→ **Instructions to follow**
Nothing beyond the line containing "Kota Tissue Organza" is to be printed; print exactly each line from the start of the records below through that line, leaving out pictures.

→ **Data listing**
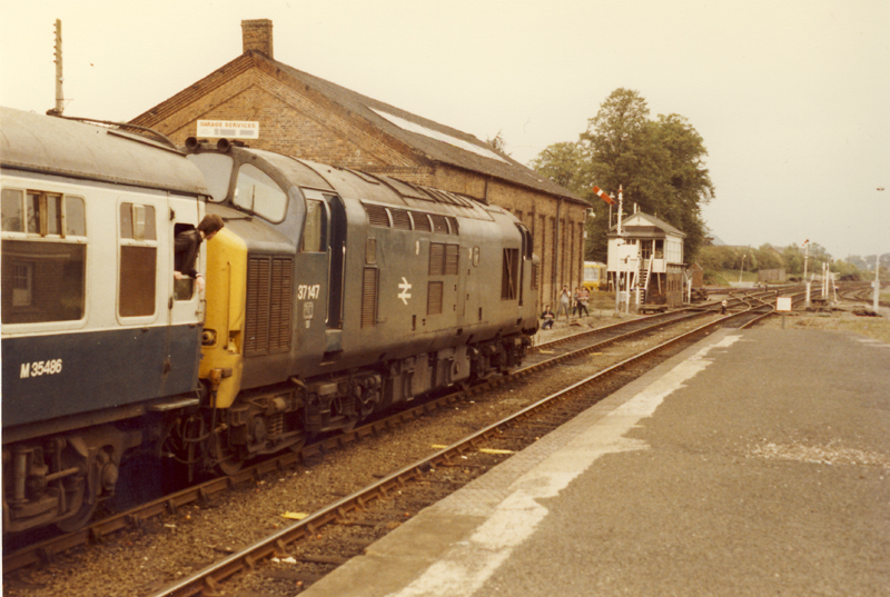 The plan was bail at Caersws, which we did……..seemingly along with every other basher on the train. 12.30 37147 (LE) rolled in with 1A50 11.10 Aberystwyth- Euston consisting BSK 35486, SK 18765,18857,18984, CK 7193, SK 18822,18808,18771 and BSK 35341. CS – Welshpool. Both the BSK’s are still around….35486 became support coach for A4 60009. Four of the compos are in preservation and the FK lives on with West Coast.
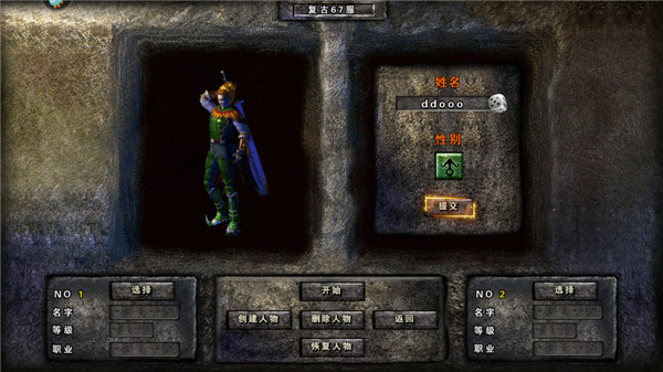 3、开始游戏之前需要先给自己像一个名字然后选择性别,点击“提交”。
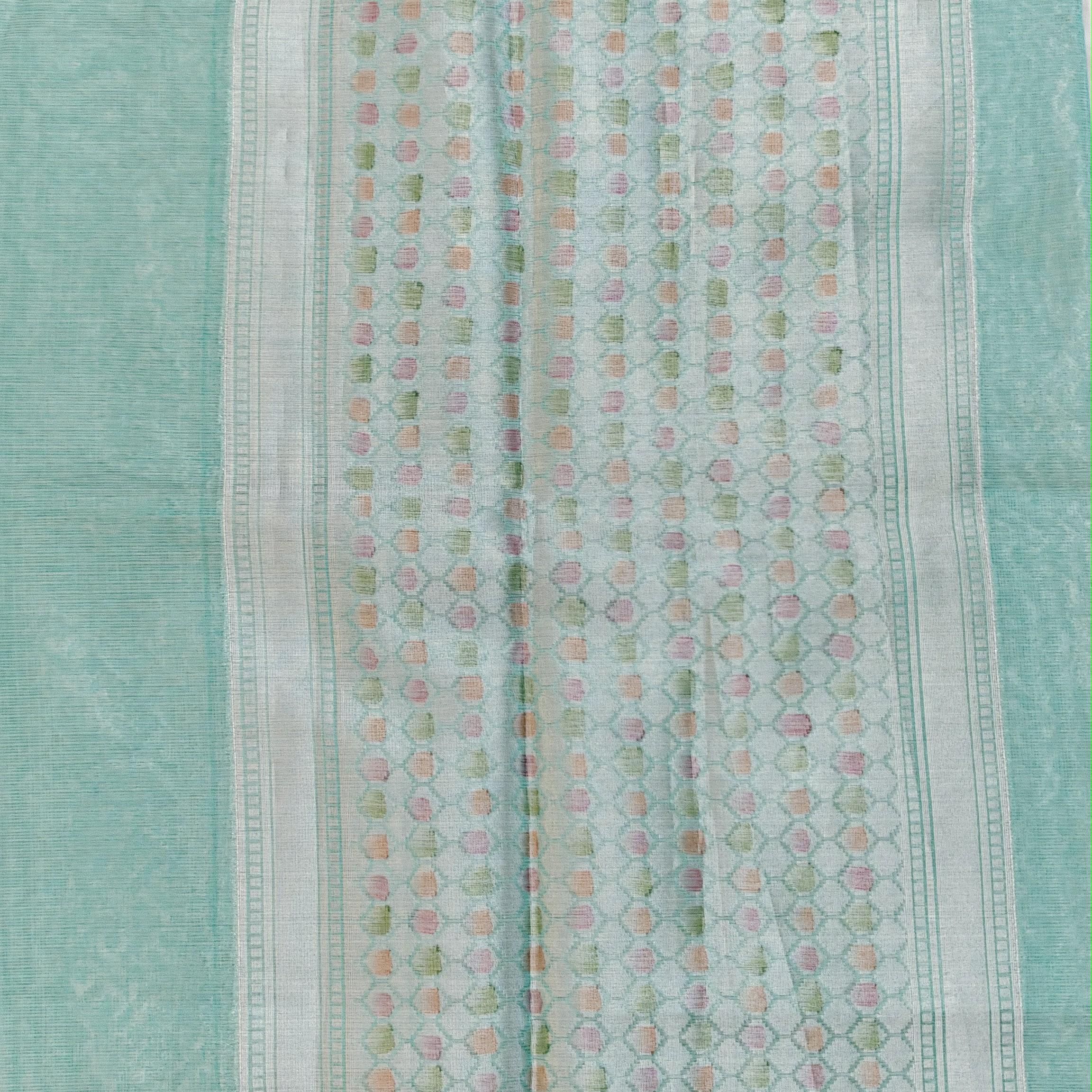 Kota Tissue Organza Saree in Sea Green with Pastel Floral Brocade
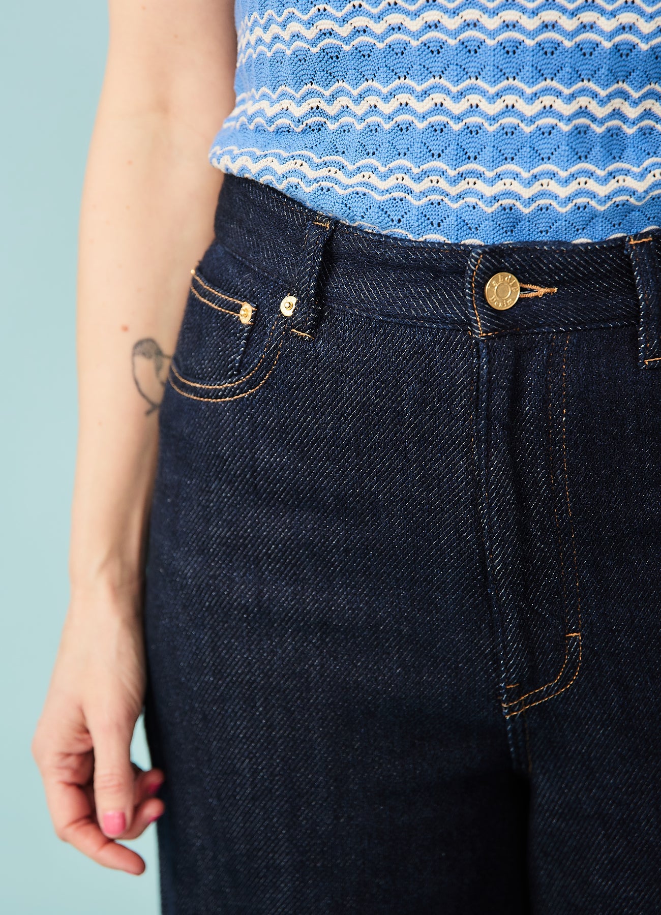 Perfekte vintageinspirerede jeans fra franske Labdip. Bukserne har høj talje og bukseben med masser af vidde. De er lavet i en virkelig lækker og meget blød denim i 100% bomuld. På afstand ser stoffet groft ud, men i virkeligheden er det blødt som fløjl og har et lækkert tungt fald.
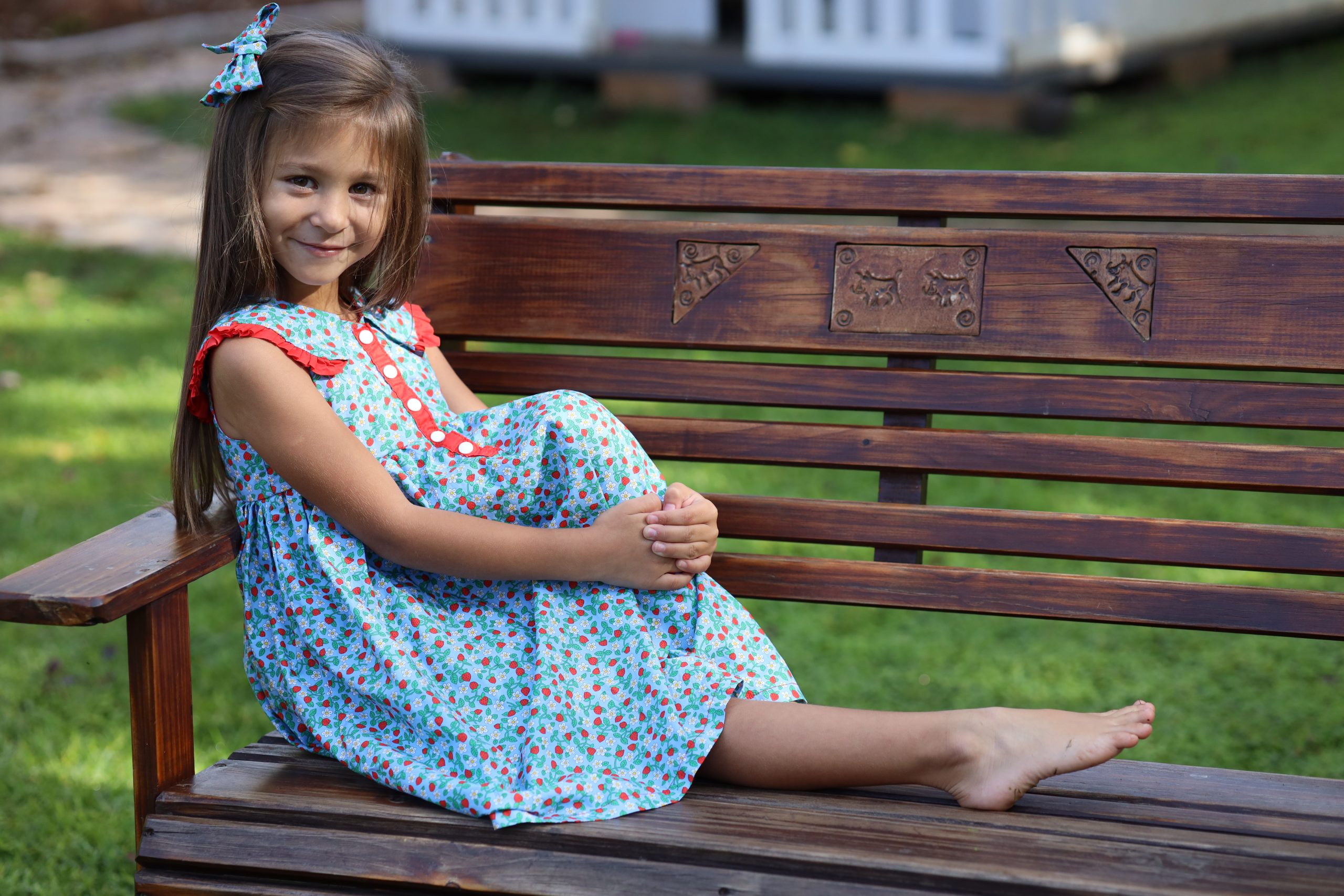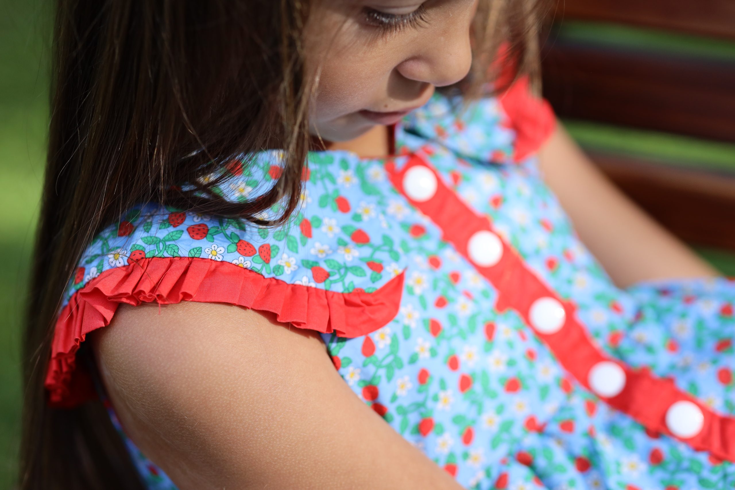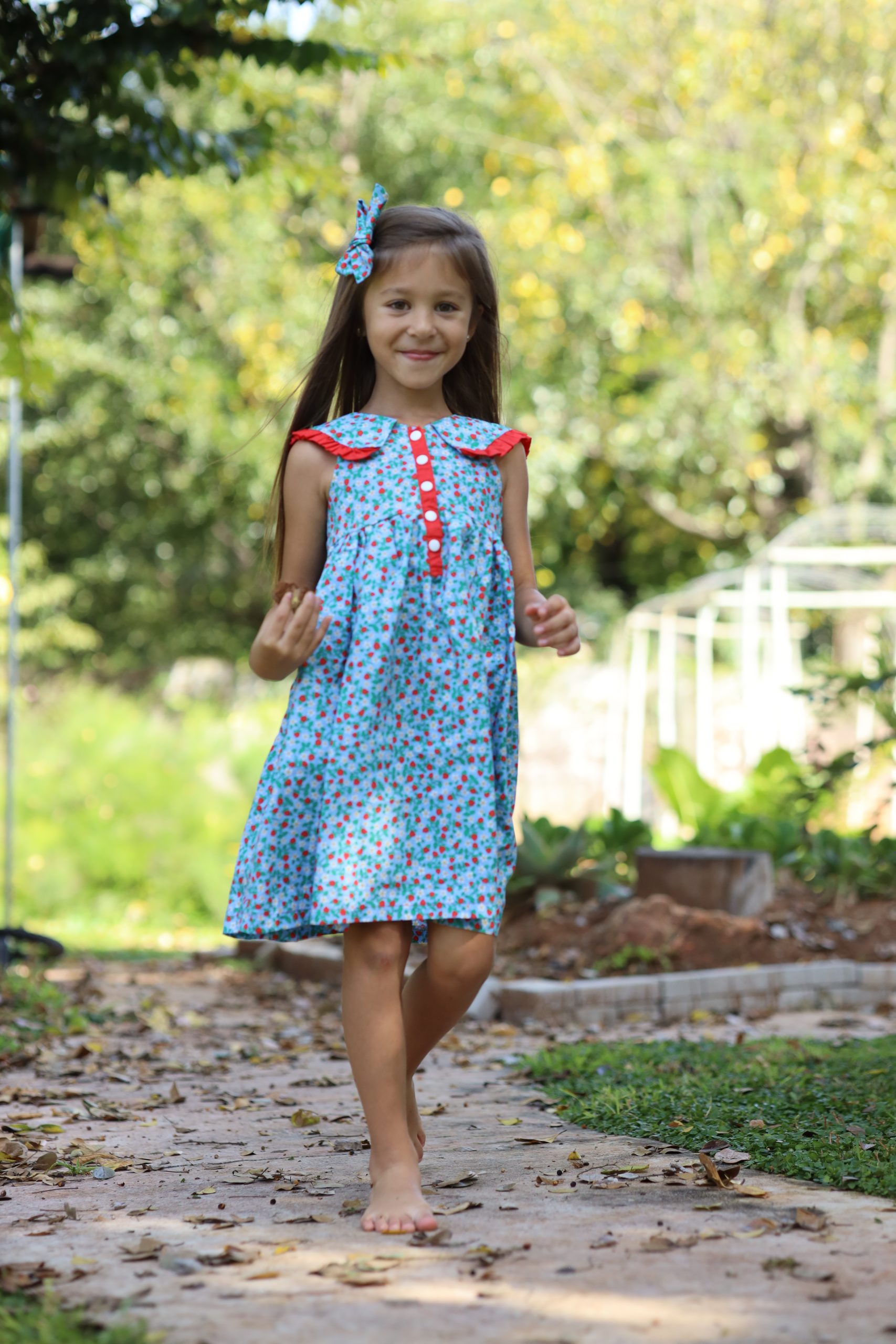 Cari is a playful, yet elegant sleeveless dress with an oversized round pointed collar. Around the collar is a playful ruffle. It has a half length button placket, fastened by snaps. Cari is an above the knee length dress with a slim to moderate fit. Have a look at our Zoey and Ashley dresses for variations on the same pattern. Select one of our recommended combinations of fabrics, or keep it simple in a single fabric. All Once Upon A Thread dresses has a lined bodice and is from woven (non-stretch) 100% cotton fabric.

→ **Task response**
 The plan was bail at Caersws, which we did……..seemingly along with every other basher on the train. 12.30 37147 (LE) rolled in with 1A50 11.10 Aberystwyth- Euston consisting BSK 35486, SK 18765,18857,18984, CK 7193, SK 18822,18808,18771 and BSK 35341. CS – Welshpool. Both the BSK’s are still around….35486 became support coach for A4 60009. Four of the compos are in preservation and the FK lives on with West Coast.
 3、开始游戏之前需要先给自己像一个名字然后选择性别,点击“提交”。
 Kota Tissue Organza Saree in Sea Green with Pastel Floral Brocade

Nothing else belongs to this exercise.